Problem —
Copy all entries verbatim and keep any pictures out of the copy.

(Recorded data)
____________

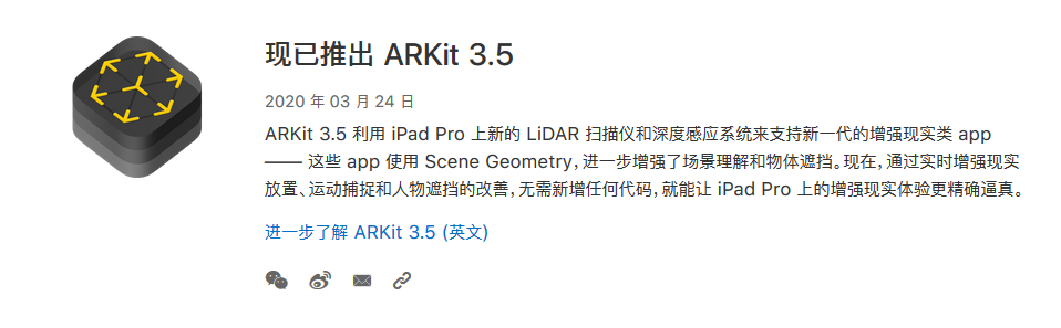 在官方支持页面中写道:“ARKit 3.5 利用 iPad Pro 上新的 LiDAR 扫描仪和深度感应系统来支持新一代的增强现实类 app —— 这些 app 使用 Scene Geometry,进一步增强了场景理解和物体遮挡。现在,通过实时增强现实放置、运动捕捉和人物遮挡的改善,无需新增任何代码,就能让 iPad Pro 上的增强现实体验更精确逼真。”
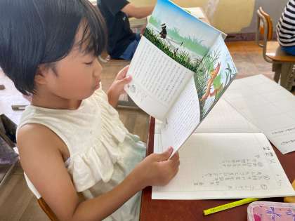 新しい学習がスタートしました。この日は初めて「ごんぎつね」のお話を読み、登場人物やあらすじを確かめました。
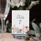 Bordo romântico de aquarelas cônicas pastel wildflower em azul claro, rosa e amarelo. Inclui campos de texto na frente e atrás para o número da tabela em fontes personalizáveis. Esta coleção encantadora é o complemento perfeito para o seu casamento com Primavera, Verão ou jardim.
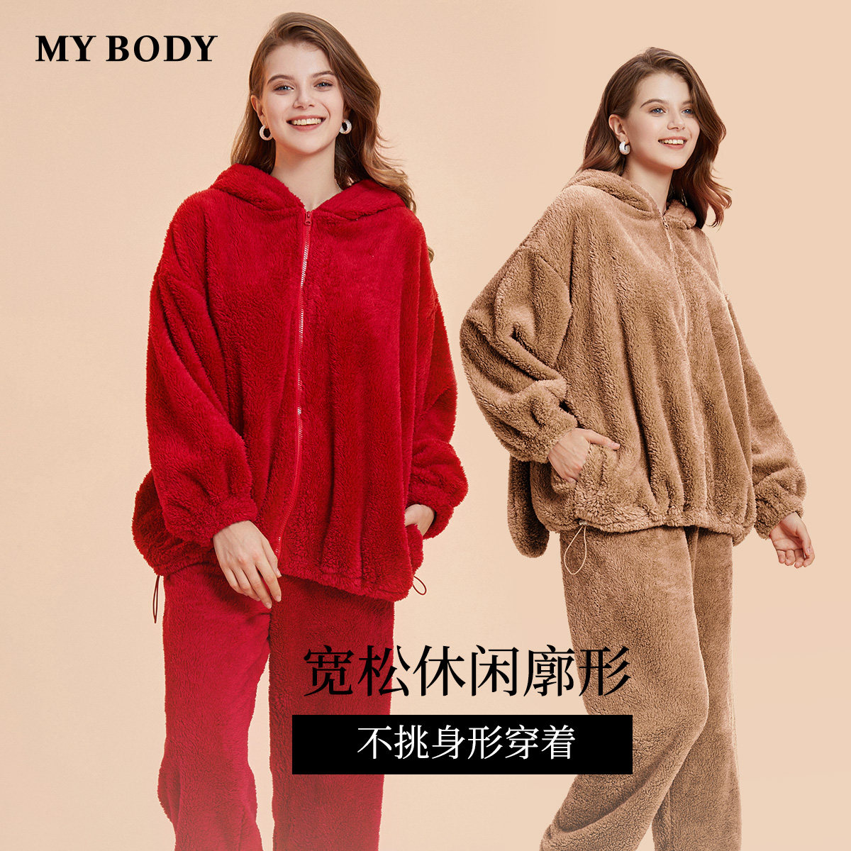 MYBODY商场同款睡衣套装女秋冬2025新款连帽本命年可外穿家居服
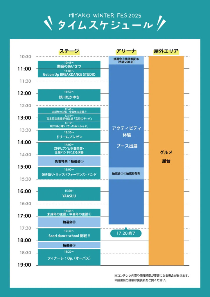 ステージでは、宮古特別支援学校生徒による「宮特のティダ」の披露(午後12時55分~)や「未成年の主張」、フィナーレを飾る高校生バンド「Op.(オーパス)」のライブ(午後6時20分~)など地元の才能が躍動する。宮古島観光大使のYAASUUも凱旋する。
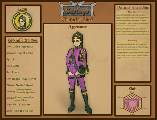 - Aria (Acqiantance) - A fellow rogue whom she only encountered once, but that encounter made Terry decide to try and learn sneaky techniques and cutthroat tactics. Terry looks up to her as an example and hopes to meet her again someday.
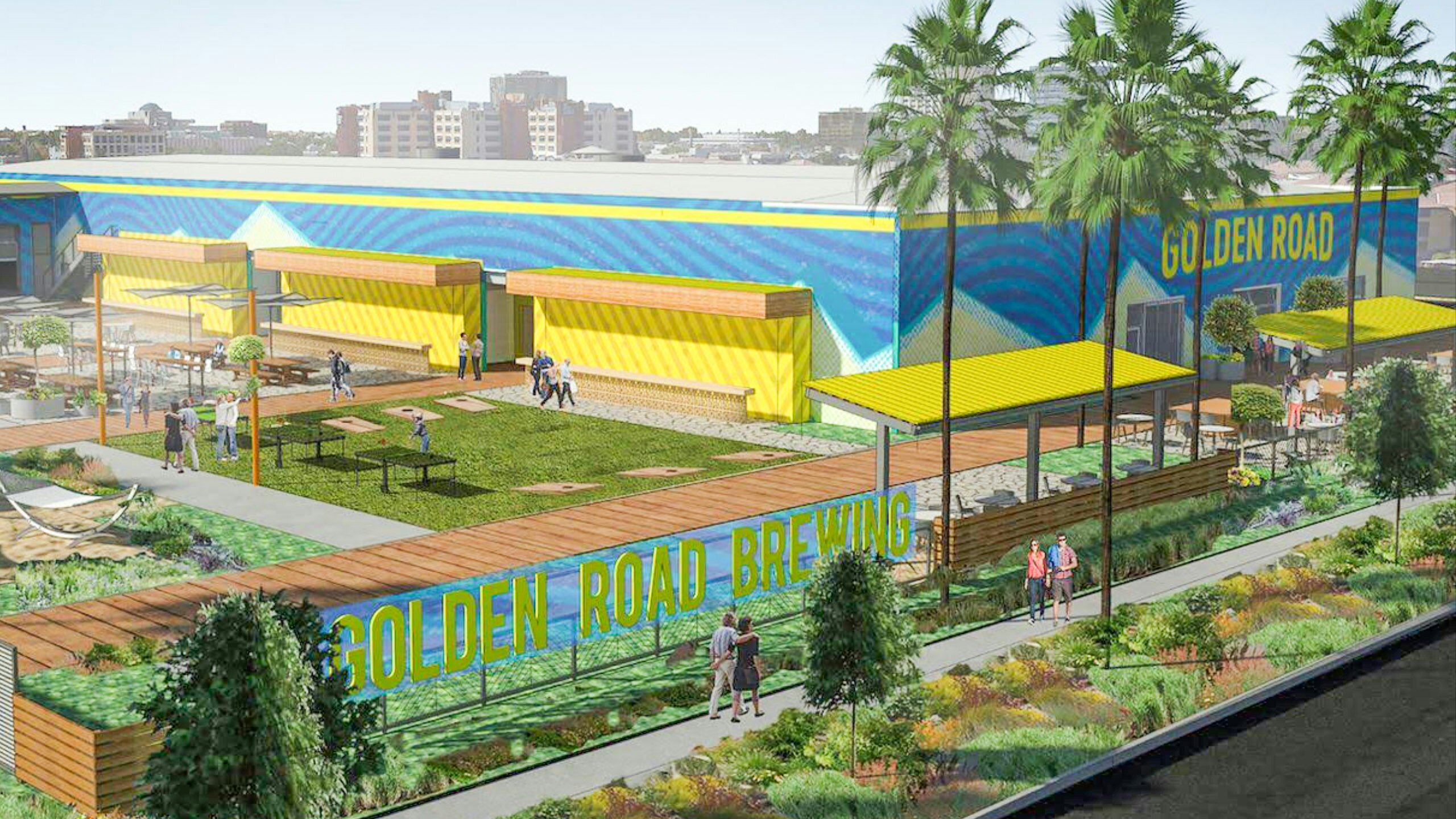 In November 2017, the Big City crew painted environmental graphics on this building exterior at Golden Road Brewing in Anaheim, Orange County, CA.
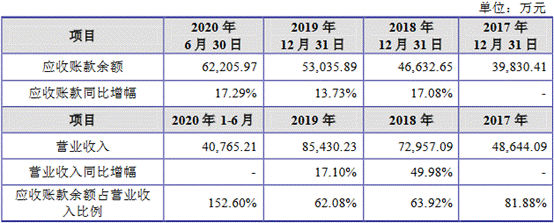 2018年、2019年和2020年上半年,尤安设计应收账款同比增幅分别为17.08%、13.73%和17.29%。2018年、2019年,该公司营业收入同比增幅分别为49.98%和17.10%。
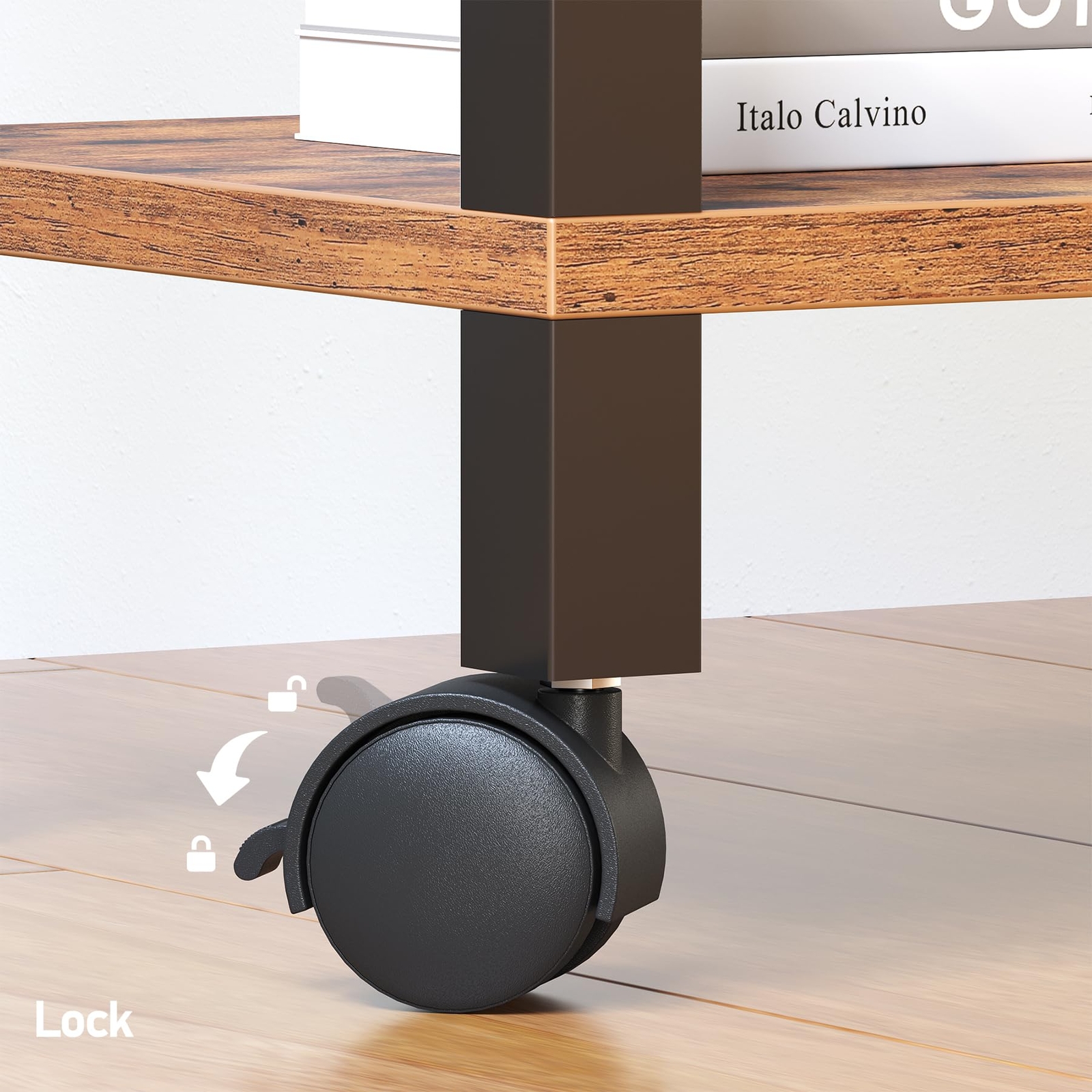 2-Tier Printer Stand Rolling Mobile Cart with USB Brown for Home Office

____________

Task result —
 在官方支持页面中写道:“ARKit 3.5 利用 iPad Pro 上新的 LiDAR 扫描仪和深度感应系统来支持新一代的增强现实类 app —— 这些 app 使用 Scene Geometry,进一步增强了场景理解和物体遮挡。现在,通过实时增强现实放置、运动捕捉和人物遮挡的改善,无需新增任何代码,就能让 iPad Pro 上的增强现实体验更精确逼真。”
 新しい学習がスタートしました。この日は初めて「ごんぎつね」のお話を読み、登場人物やあらすじを確かめました。
 Bordo romântico de aquarelas cônicas pastel wildflower em azul claro, rosa e amarelo. Inclui campos de texto na frente e atrás para o número da tabela em fontes personalizáveis. Esta coleção encantadora é o complemento perfeito para o seu casamento com Primavera, Verão ou jardim.
 MYBODY商场同款睡衣套装女秋冬2025新款连帽本命年可外穿家居服
 ステージでは、宮古特別支援学校生徒による「宮特のティダ」の披露(午後12時55分~)や「未成年の主張」、フィナーレを飾る高校生バンド「Op.(オーパス)」のライブ(午後6時20分~)など地元の才能が躍動する。宮古島観光大使のYAASUUも凱旋する。
 - Aria (Acqiantance) - A fellow rogue whom she only encountered once, but that encounter made Terry decide to try and learn sneaky techniques and cutthroat tactics. Terry looks up to her as an example and hopes to meet her again someday.
 In November 2017, the Big City crew painted environmental graphics on this building exterior at Golden Road Brewing in Anaheim, Orange County, CA.
 2018年、2019年和2020年上半年,尤安设计应收账款同比增幅分别为17.08%、13.73%和17.29%。2018年、2019年,该公司营业收入同比增幅分别为49.98%和17.10%。
 2-Tier Printer Stand Rolling Mobile Cart with USB Brown for Home Office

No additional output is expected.